AIM OF THE TASK —
Below are the records; repeat exactly their lines between the line holding "最新武漢外資企業(yè)黃頁" and the line holding "Black jodhpuri jacket", inclusive, skipping the pictures.

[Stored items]
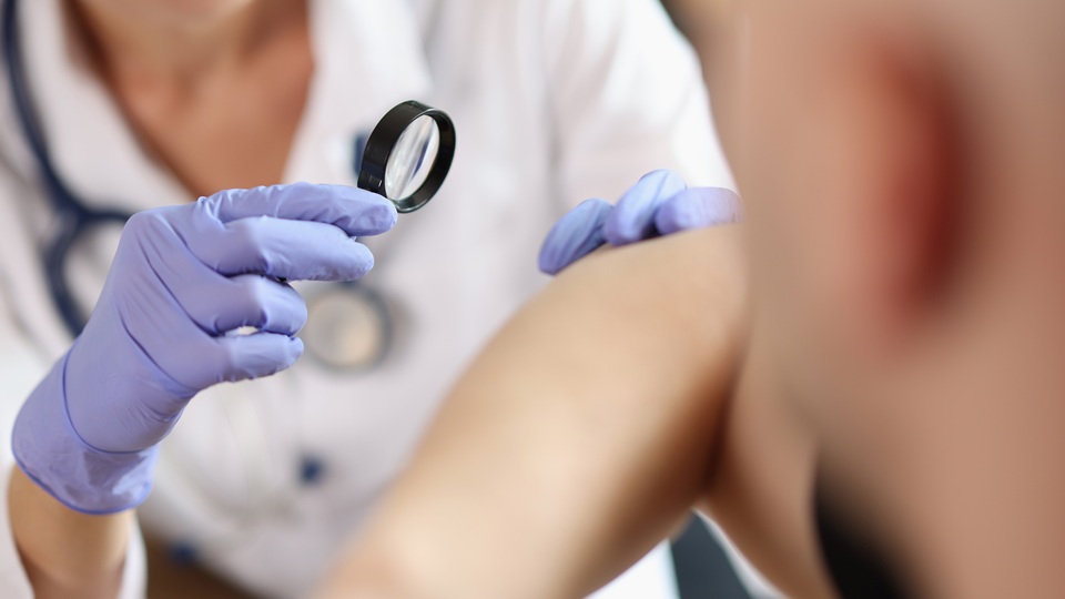 Постановка диагноза начинается с осмотра. Заподозрить КПЛ помогают характерные высыпания красного или фиолетового цвета, с белым рисунком (сеткой Уикхема). Сильный зуд – также характерный признак заболевания.
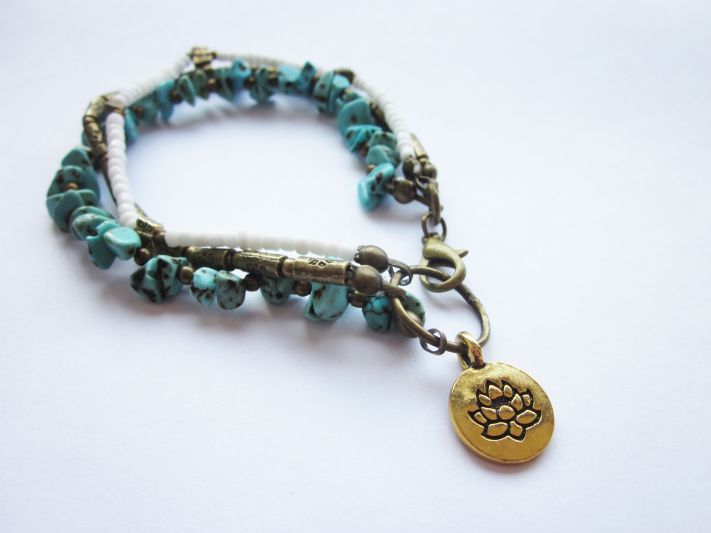Pulsera Turquesa Reconstituida , mostacillas. Medallita flor de loto
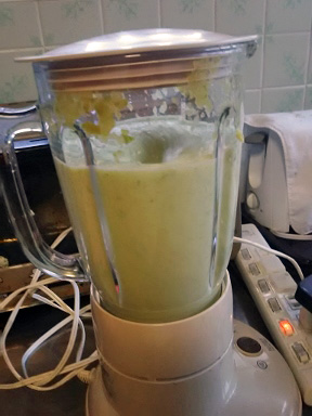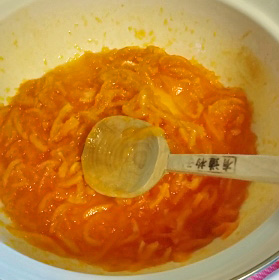 ミキサーに入れて撹拌します 水は入れないので、最初の回転のわるいこと! 一回目にできたジュースのおかげで |
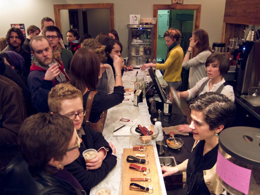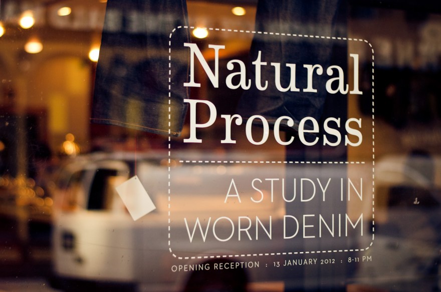 I launched Natural Process: A Study in Worn Denim last weekend with April Nett, Elysa DiMauro, and Steve Streisguth at Elixr Coffee in Philly. We couldn’t be happier with the turnout and it seems like the general impression has been positive. We tried our best to take some great photos of the show but we ended up slurping down the delicious libations provided by Art in the Age instead so here’s a small collection of what we’ve got. More photos coming soon.
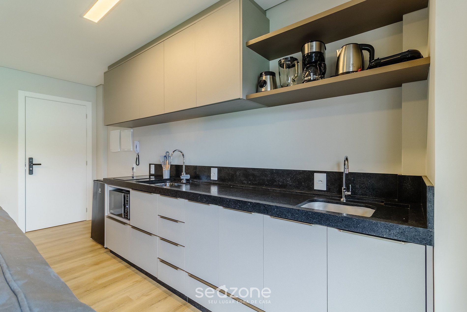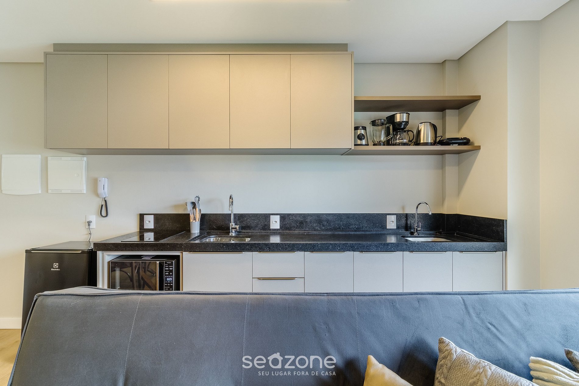 - Cozinha completa com frigobar, fogão cooktop por indução, microondas, sanduicheira, cafeteira elétrica, chaleira elétrica, liquidificador, taças de vinho, panelas, louças e utensílios;
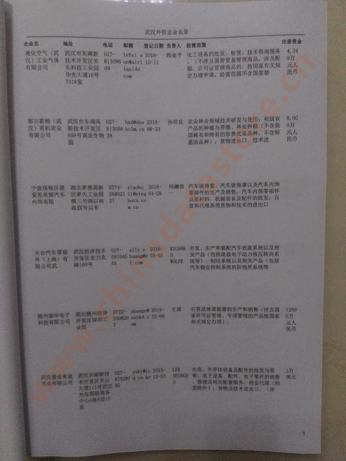 最新武漢外資企業(yè)黃頁涵蓋了武漢外商獨資企業(yè)、中外合資經營企業(yè)以及港、澳、臺資企業(yè),包括武漢日資臺資企業(yè)黃頁,武漢外企黃頁具體內容包括:企業(yè)名稱、地址、電話、傳真、郵箱、經營范圍、注冊資金等信息;武漢外資企業(yè)名單里面的企業(yè)都一些中外合資的大企業(yè),這些公司經濟實力都比較雄厚,出口產品也比較多,業(yè)務范圍都比較廣,跟他們開展業(yè)務往來都比較容易;有了武漢臺企日企黃頁開展業(yè)務也有了針對性,也省去了盲目去尋找客戶名單而浪費的時間了,工作效率也會有很大的提高.歡迎需要的客戶及時聯系我們!
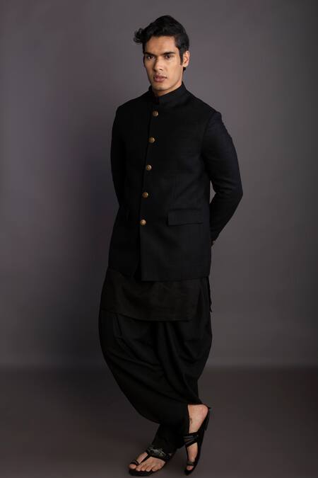 Black jodhpuri jacket with mandarin collar and flap pockets in front. Paired with a matching kurta and cowl pants.
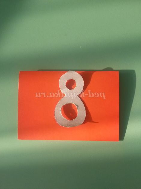 Для початку нам потрібно вирізати довільно трафарет ВІСІМКИ і обвести її на зігнутому навпіл картоні, причому початок вісімки має починається біля згину картону.

OUTPUT FOR THIS TASK —
 最新武漢外資企業(yè)黃頁涵蓋了武漢外商獨資企業(yè)、中外合資經營企業(yè)以及港、澳、臺資企業(yè),包括武漢日資臺資企業(yè)黃頁,武漢外企黃頁具體內容包括:企業(yè)名稱、地址、電話、傳真、郵箱、經營范圍、注冊資金等信息;武漢外資企業(yè)名單里面的企業(yè)都一些中外合資的大企業(yè),這些公司經濟實力都比較雄厚,出口產品也比較多,業(yè)務范圍都比較廣,跟他們開展業(yè)務往來都比較容易;有了武漢臺企日企黃頁開展業(yè)務也有了針對性,也省去了盲目去尋找客戶名單而浪費的時間了,工作效率也會有很大的提高.歡迎需要的客戶及時聯系我們!
 Black jodhpuri jacket with mandarin collar and flap pockets in front. Paired with a matching kurta and cowl pants.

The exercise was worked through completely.